▼▼▼

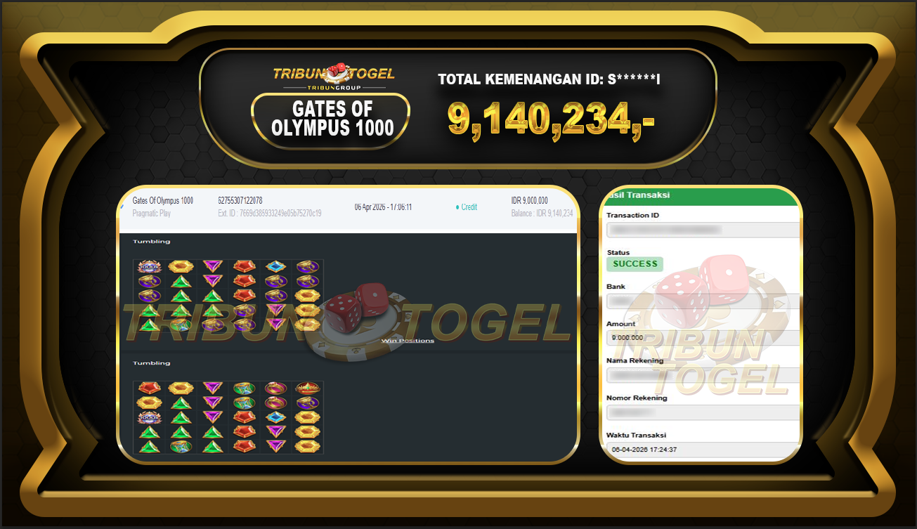 Kami ucapkan selamat kepada user ID : S******l telah berhasil withdraw sebesar Rp.9,140,234,- di game : GATES OF OLYMPUS 1000 Bukti pembayaran jackpot member Tribuntogel kami bayar lunas dengan waktu paling singkat.
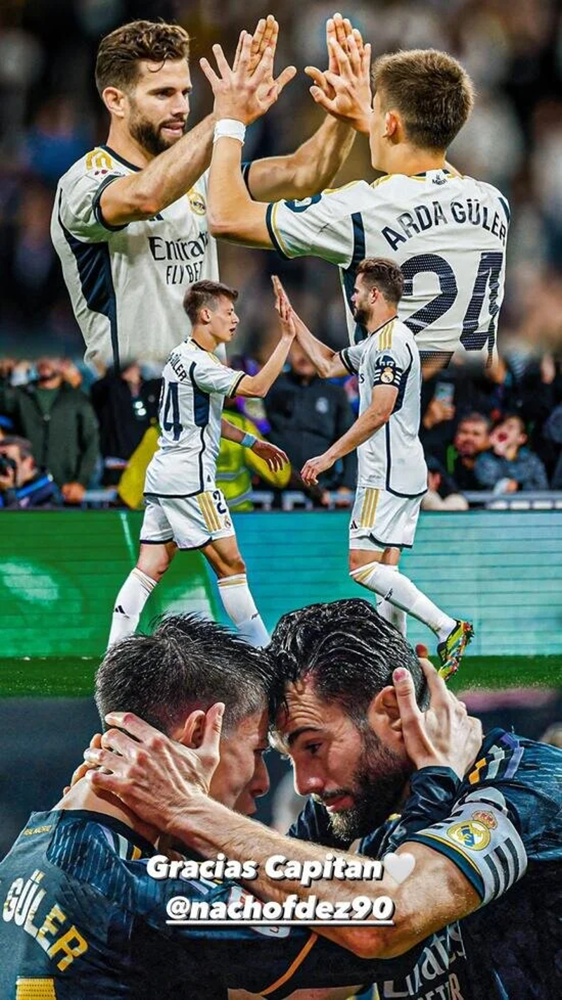 Milli futbolcu Arda Güler, Real Madrid'den ayrıldığını açıklayan takım arkadaşı Nacho Fernandez için sosyal medya hesabından veda paylaşımında bulundu.
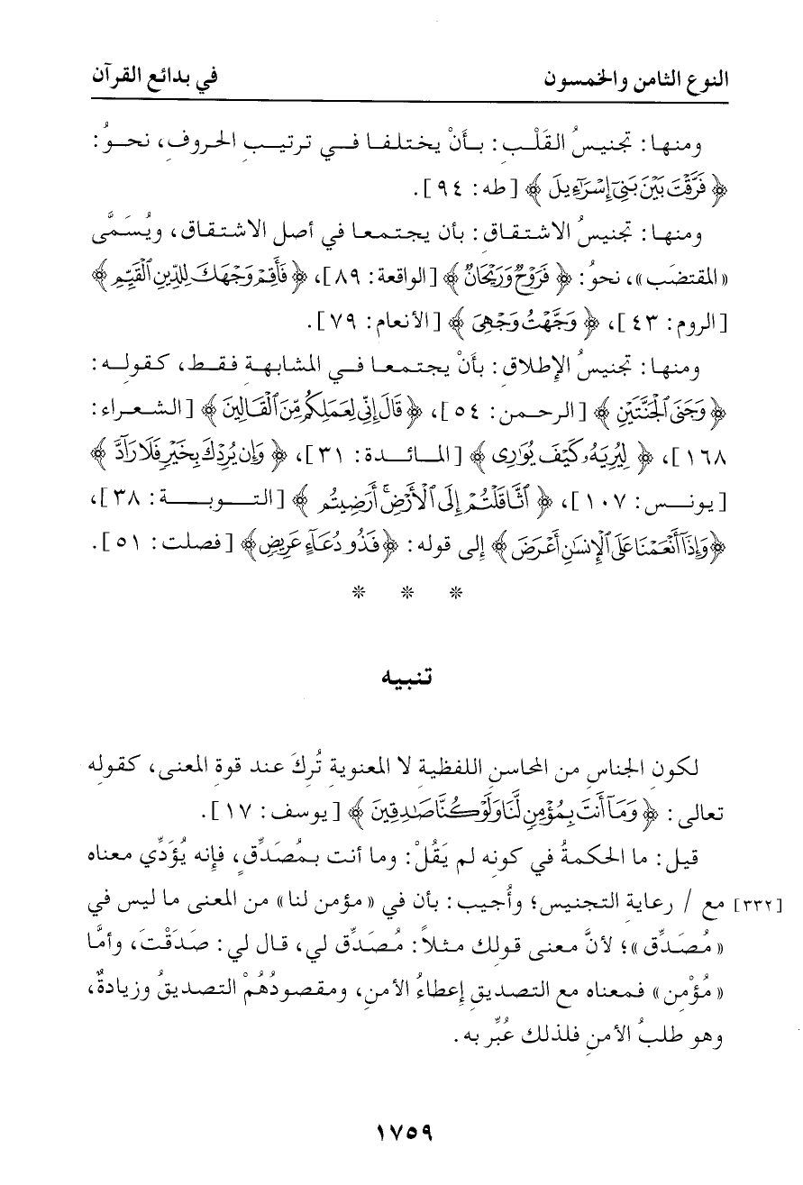 5064 ومنها تجنيس الإشتقاق بأن يجتمعا في أصل الإشتقاق ويسمى المقتضب نحو { فروح وريحان } { فأقم وجهك للدين القيم } { وجهت وجهي }
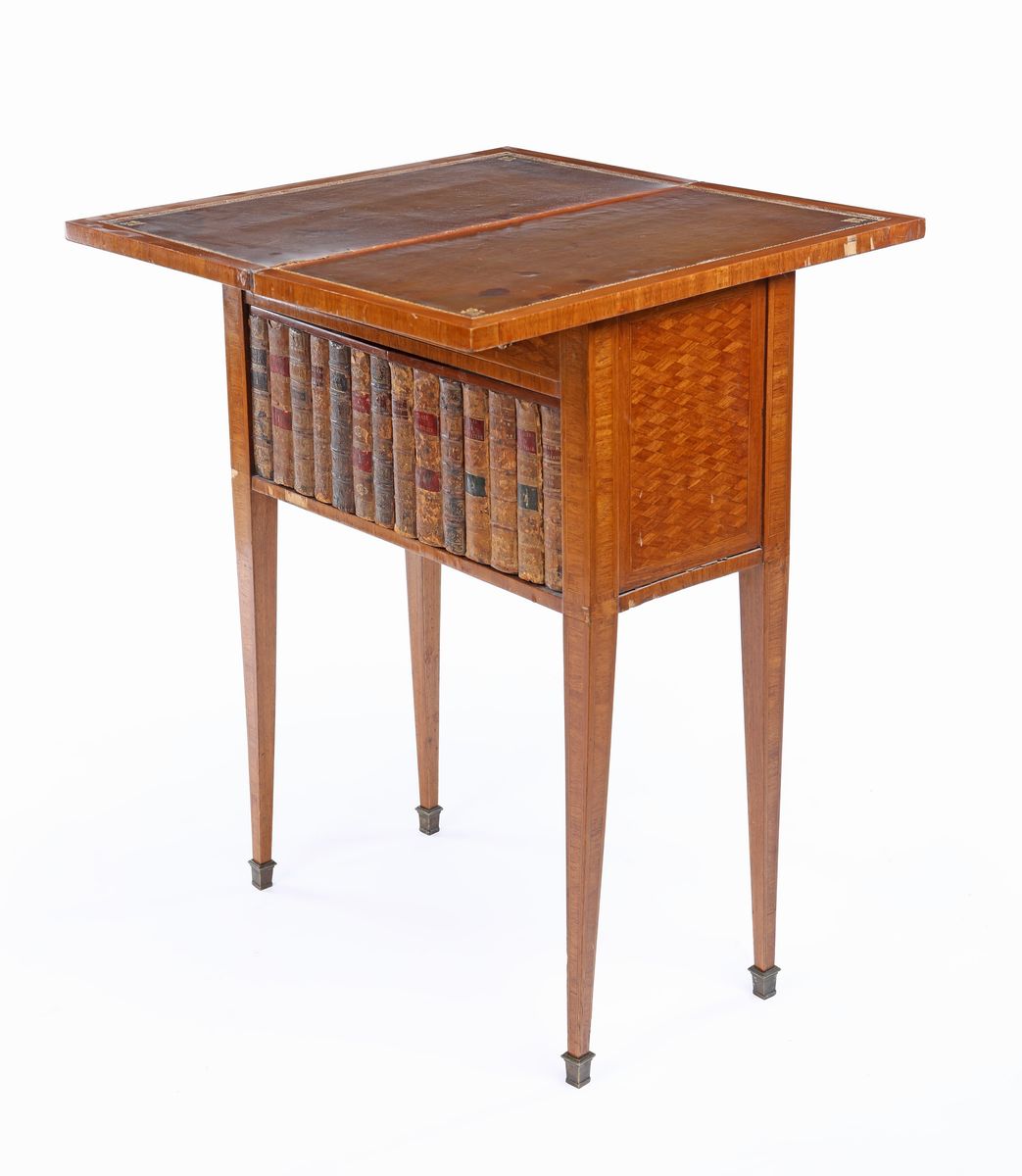 con piano a libretto rivestito in pelle, facciata scandita da un tiretto e due ante caratterizzate da dorsi di libro in cuoio con titoli impressi; gambe rastremate calzate di puntali in ottone
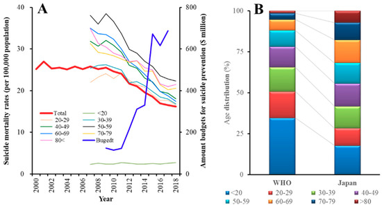 (A) Trends of age-dependent Japanese suicide mortality rates and government budgets for comprehensive suicide prevention programmes. Left and right ordinates indicate suicide mortality rate (per 100,000 population/year) and budget amounts ($million/year), respectively. (B) Comparison of age-distribution between World Health Organisation (WHO) world standard population model and Japan. Ordinate indicates age-distribution rates (%). Japanese age distribution was significantly different from WHO world standard population model by Mantel–Haenszel test (χ2 = 52.1, p < 0.05).
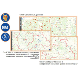 По результатам взаимодействия с Генеральной прокуратурой Республики Беларусь на ПКК актуализированы пространственные слои ”Сожжёные деревни“ и ”Места принудительного содержания населения (лагеря смерти), созданные нацистами в период оккупации БССР в годы ВОВ“. В результате проведенных работ на карте визуализирована информация о более 12 тысяч сельских населенных пунктах, сожженных в период Великой Отечественной войны и 570 местах принудительного содержания населения (лагерях смерти), показывающая масштаб понесенных потерь Беларуси в годы Великой Отечественной войны.
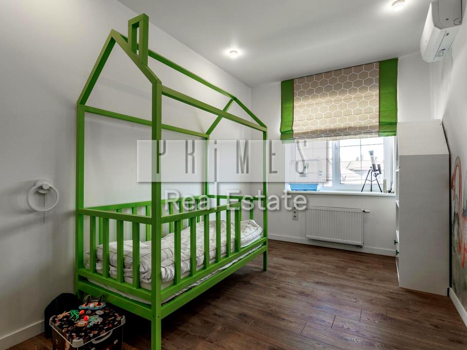 2. 2 дитячі спальні, 1 батьківська майстер спальня, 3 санвузли, 2 гардеробні, вітальня з кухнею
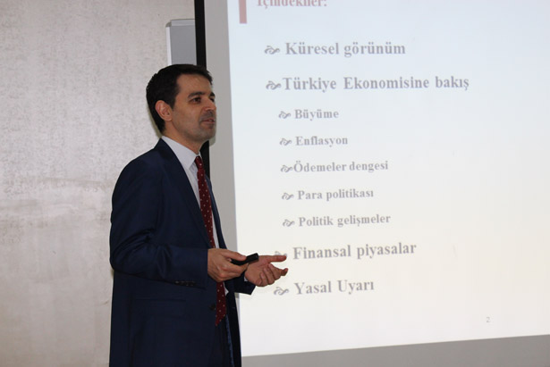 Hotal Grand Ereğli'nin Konferans Salonu'nda gerçekleştirilen seminer kapsamında HSBC Türkiye Portföy Yönetimi Stratejisti İbrahim Aksoy, Türkiye ve global piyasalarda yaşanan gelişmeleri değerlendirirdi.
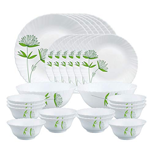 Larah by Borosil Green Lily Opalware Dinner Set, 28 Pcs, White is available on Amazon.
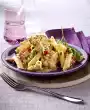 Cook spaghetti in boiling salted water for about 8 minutes, then drain. Drain artichoke hearts and cut in half. Clean and wash the peppers and spring onions. Cut the bell peppers into fine strips and the spring onions into rings.

▲▲▲

The preceding listing is to be restated word for word, with every picture omitted.

◆ **Worked solution**:
 Kami ucapkan selamat kepada user ID : S******l telah berhasil withdraw sebesar Rp.9,140,234,- di game : GATES OF OLYMPUS 1000 Bukti pembayaran jackpot member Tribuntogel kami bayar lunas dengan waktu paling singkat.
 Milli futbolcu Arda Güler, Real Madrid'den ayrıldığını açıklayan takım arkadaşı Nacho Fernandez için sosyal medya hesabından veda paylaşımında bulundu.
 5064 ومنها تجنيس الإشتقاق بأن يجتمعا في أصل الإشتقاق ويسمى المقتضب نحو { فروح وريحان } { فأقم وجهك للدين القيم } { وجهت وجهي }
 con piano a libretto rivestito in pelle, facciata scandita da un tiretto e due ante caratterizzate da dorsi di libro in cuoio con titoli impressi; gambe rastremate calzate di puntali in ottone
 (A) Trends of age-dependent Japanese suicide mortality rates and government budgets for comprehensive suicide prevention programmes. Left and right ordinates indicate suicide mortality rate (per 100,000 population/year) and budget amounts ($million/year), respectively. (B) Comparison of age-distribution between World Health Organisation (WHO) world standard population model and Japan. Ordinate indicates age-distribution rates (%). Japanese age distribution was significantly different from WHO world standard population model by Mantel–Haenszel test (χ2 = 52.1, p < 0.05).
 По результатам взаимодействия с Генеральной прокуратурой Республики Беларусь на ПКК актуализированы пространственные слои ”Сожжёные деревни“ и ”Места принудительного содержания населения (лагеря смерти), созданные нацистами в период оккупации БССР в годы ВОВ“. В результате проведенных работ на карте визуализирована информация о более 12 тысяч сельских населенных пунктах, сожженных в период Великой Отечественной войны и 570 местах принудительного содержания населения (лагерях смерти), показывающая масштаб понесенных потерь Беларуси в годы Великой Отечественной войны.
 2. 2 дитячі спальні, 1 батьківська майстер спальня, 3 санвузли, 2 гардеробні, вітальня з кухнею
 Hotal Grand Ereğli'nin Konferans Salonu'nda gerçekleştirilen seminer kapsamında HSBC Türkiye Portföy Yönetimi Stratejisti İbrahim Aksoy, Türkiye ve global piyasalarda yaşanan gelişmeleri değerlendirirdi.
 Larah by Borosil Green Lily Opalware Dinner Set, 28 Pcs, White is available on Amazon.
 Cook spaghetti in boiling salted water for about 8 minutes, then drain. Drain artichoke hearts and cut in half. Clean and wash the peppers and spring onions. Cut the bell peppers into fine strips and the spring onions into rings.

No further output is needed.